**Data below:**
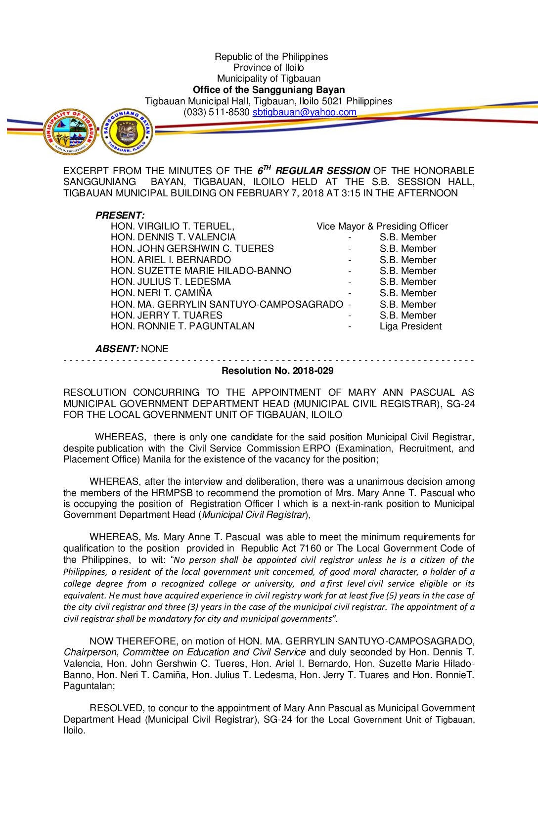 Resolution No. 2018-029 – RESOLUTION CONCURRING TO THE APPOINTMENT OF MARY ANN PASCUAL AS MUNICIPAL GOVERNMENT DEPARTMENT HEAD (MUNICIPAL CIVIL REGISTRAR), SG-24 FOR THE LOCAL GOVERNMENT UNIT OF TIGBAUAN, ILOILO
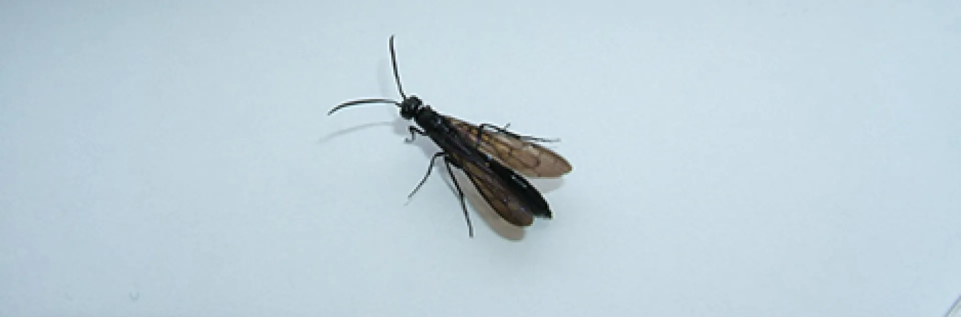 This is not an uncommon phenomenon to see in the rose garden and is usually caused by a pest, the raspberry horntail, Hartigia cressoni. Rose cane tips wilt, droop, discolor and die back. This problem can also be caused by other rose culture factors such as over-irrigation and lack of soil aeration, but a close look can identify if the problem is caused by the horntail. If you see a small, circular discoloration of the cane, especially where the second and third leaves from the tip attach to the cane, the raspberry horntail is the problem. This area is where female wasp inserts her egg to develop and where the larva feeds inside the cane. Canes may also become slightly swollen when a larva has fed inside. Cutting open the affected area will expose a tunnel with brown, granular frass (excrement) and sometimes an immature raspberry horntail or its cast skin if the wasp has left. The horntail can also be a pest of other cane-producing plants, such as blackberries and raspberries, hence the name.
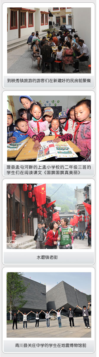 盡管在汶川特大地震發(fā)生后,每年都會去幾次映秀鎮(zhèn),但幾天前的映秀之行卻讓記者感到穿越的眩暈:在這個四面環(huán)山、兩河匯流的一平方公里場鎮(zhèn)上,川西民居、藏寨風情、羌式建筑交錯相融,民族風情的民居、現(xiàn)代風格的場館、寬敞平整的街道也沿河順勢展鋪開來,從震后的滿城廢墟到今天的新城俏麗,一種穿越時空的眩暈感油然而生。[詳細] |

**Work to complete:** Give the listing above again word for word, without its pictures.

**Reply to the exercise:**
 Resolution No. 2018-029 – RESOLUTION CONCURRING TO THE APPOINTMENT OF MARY ANN PASCUAL AS MUNICIPAL GOVERNMENT DEPARTMENT HEAD (MUNICIPAL CIVIL REGISTRAR), SG-24 FOR THE LOCAL GOVERNMENT UNIT OF TIGBAUAN, ILOILO
 This is not an uncommon phenomenon to see in the rose garden and is usually caused by a pest, the raspberry horntail, Hartigia cressoni. Rose cane tips wilt, droop, discolor and die back. This problem can also be caused by other rose culture factors such as over-irrigation and lack of soil aeration, but a close look can identify if the problem is caused by the horntail. If you see a small, circular discoloration of the cane, especially where the second and third leaves from the tip attach to the cane, the raspberry horntail is the problem. This area is where female wasp inserts her egg to develop and where the larva feeds inside the cane. Canes may also become slightly swollen when a larva has fed inside. Cutting open the affected area will expose a tunnel with brown, granular frass (excrement) and sometimes an immature raspberry horntail or its cast skin if the wasp has left. The horntail can also be a pest of other cane-producing plants, such as blackberries and raspberries, hence the name.
 盡管在汶川特大地震發(fā)生后,每年都會去幾次映秀鎮(zhèn),但幾天前的映秀之行卻讓記者感到穿越的眩暈:在這個四面環(huán)山、兩河匯流的一平方公里場鎮(zhèn)上,川西民居、藏寨風情、羌式建筑交錯相融,民族風情的民居、現(xiàn)代風格的場館、寬敞平整的街道也沿河順勢展鋪開來,從震后的滿城廢墟到今天的新城俏麗,一種穿越時空的眩暈感油然而生。[詳細] |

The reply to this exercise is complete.